Sunday, September 28, 2008

The Most Dangerous Game directed by Irving Pichel and Ernest B. Schoedsack (starring Joel McCrea, Fay Wray, Leslie Banks, Robert Armstrong)

The Most Dangerous Game (1932). Screenplay by James Ashmore Creelman from "The Most Dangerous Game" — the "O. Henry Award Winning Collection Story by Richard Connell." (I wonder if the wording of that billing was in his contract.)

This Ernest B. Schoedsack / Merian C. Cooper production (executive produced by David O. Selznick) was made while the special effects were being done on the pair's previous film, King Kong (released the next year because of the complexity of those effects), using some of the same sets and a few of the cast and crew.

Big game hunter Bob Rainsford (Joel McCrea), on his way to an expedition, is shipwrecked on an uncharted island owned by Count Zaroff (Leslie Banks in his film debut), another hunter of bigger game. Rainsford is kept prisoner with Eve Trowbridge (Fay Wray in a low-cut dress) and her drunk brother Martin (Robert Armstrong, playing a deliberately annoying inebriate during Prohibition), and Bob has to survive the night of "outdoor chess," being hunted by Zaroff, with Eve as his prize (gotta love those pre-Codes!).

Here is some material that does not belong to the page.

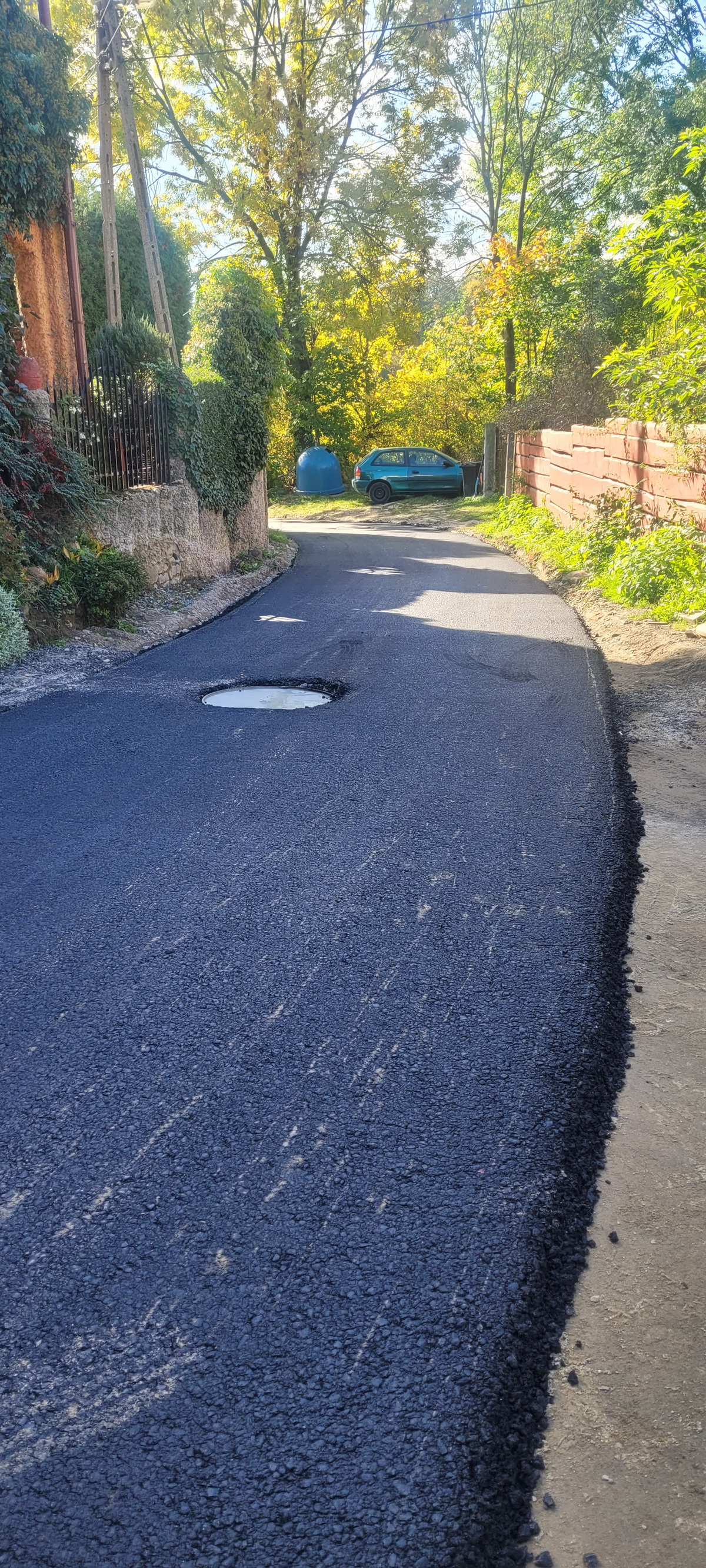 Prace przy budowie odtworzenia nawierzchni asfaltowej w miejscowości Skarżyce.

What was a riveting portrait of man against man in its original form becomes a bloated waste on film, even at just over 60 minutes. The first 10 minutes of The Most Dangerous Game are mostly laughable, with incredibly heavyhanded foreshadowing: dialogue like "The queen of spades? That's the third time tonight." And with McCrea delivering "There are two kinds of people in this world, the hunter and the hunted. Luckily I'm a hunter and nothing can ever change that" just as the ship crashes. (In fact, 40 minutes passes of this hour-long film before the actual hunt even begins.)

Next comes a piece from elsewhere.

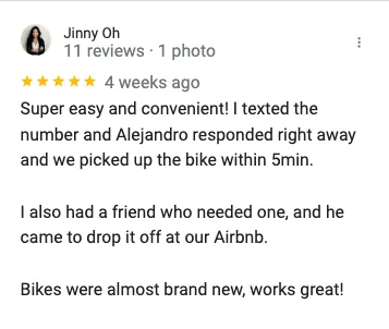 JinnySuper easy and convenient! I texted the number and Alejandro responded right away and we picked up the bike within 5min.

Max Steiner's score emphasizes every melodramatic touch, and the over-the-top performance of Leslie Banks (acting with eyes of fire) requires the usually subtle McCrea to overemote just to avoid being blown off the screen. Look out for his "revelation" later in the film: "Those animals I killed, now I know how they felt."

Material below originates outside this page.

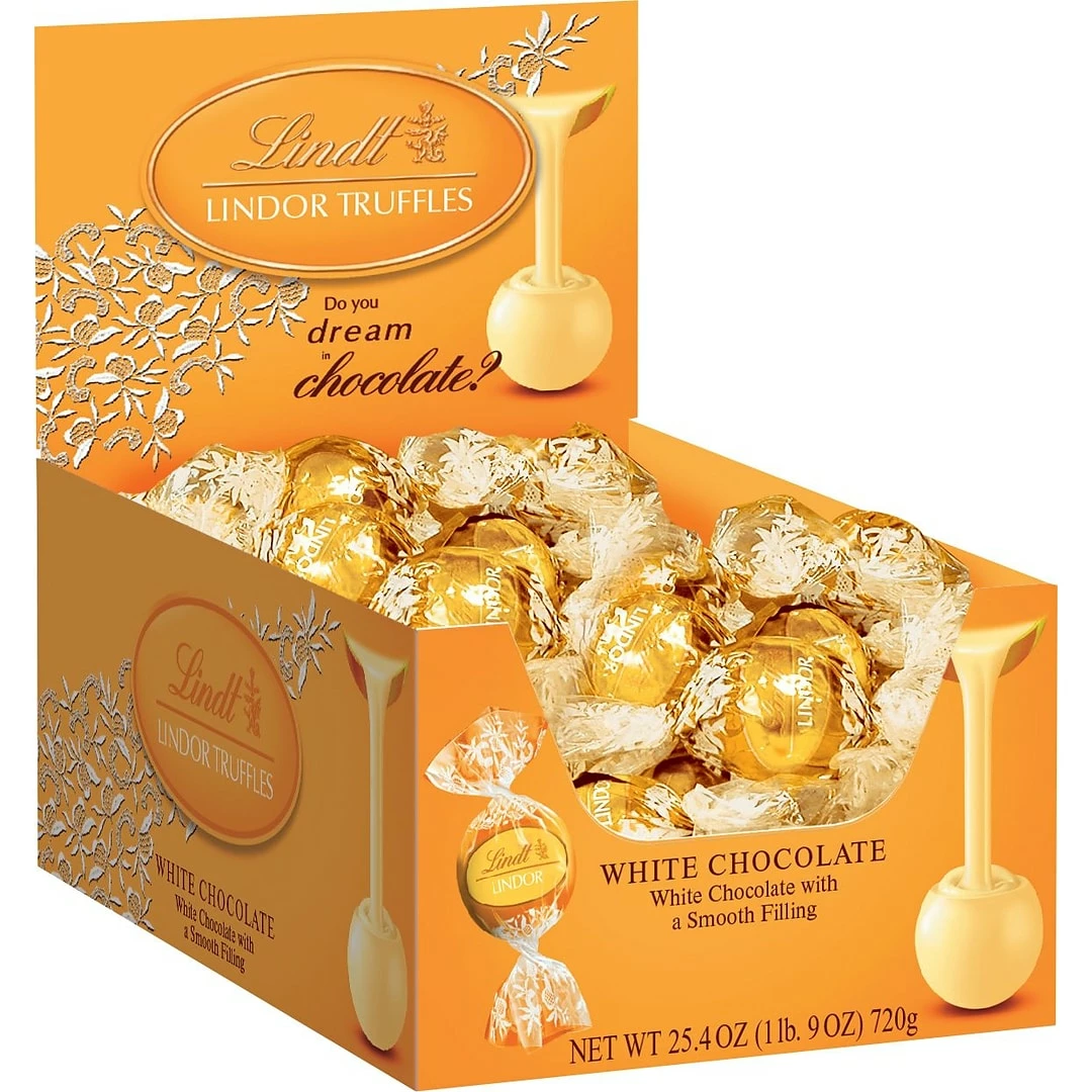 Lindt LINDOR White chocolate truffles are delicious and richly flavored. Chocolate truffles are suitable for parties, gifting and corporate events, sold as 60 per box.

Remade as A Game of Death in 1945 and Run for the Sun (with Richard Widmark) in 1956, and also expanded into novel-length as Hunted Past Reason by Richard Matheson, The Most Dangerous Game actually managed to be about as profitable as the far superior King Kong due to its smaller budget. But the jokey script and overblown acting make it far less entertaining than it should be (though Armstrong provides some occasional comic relief).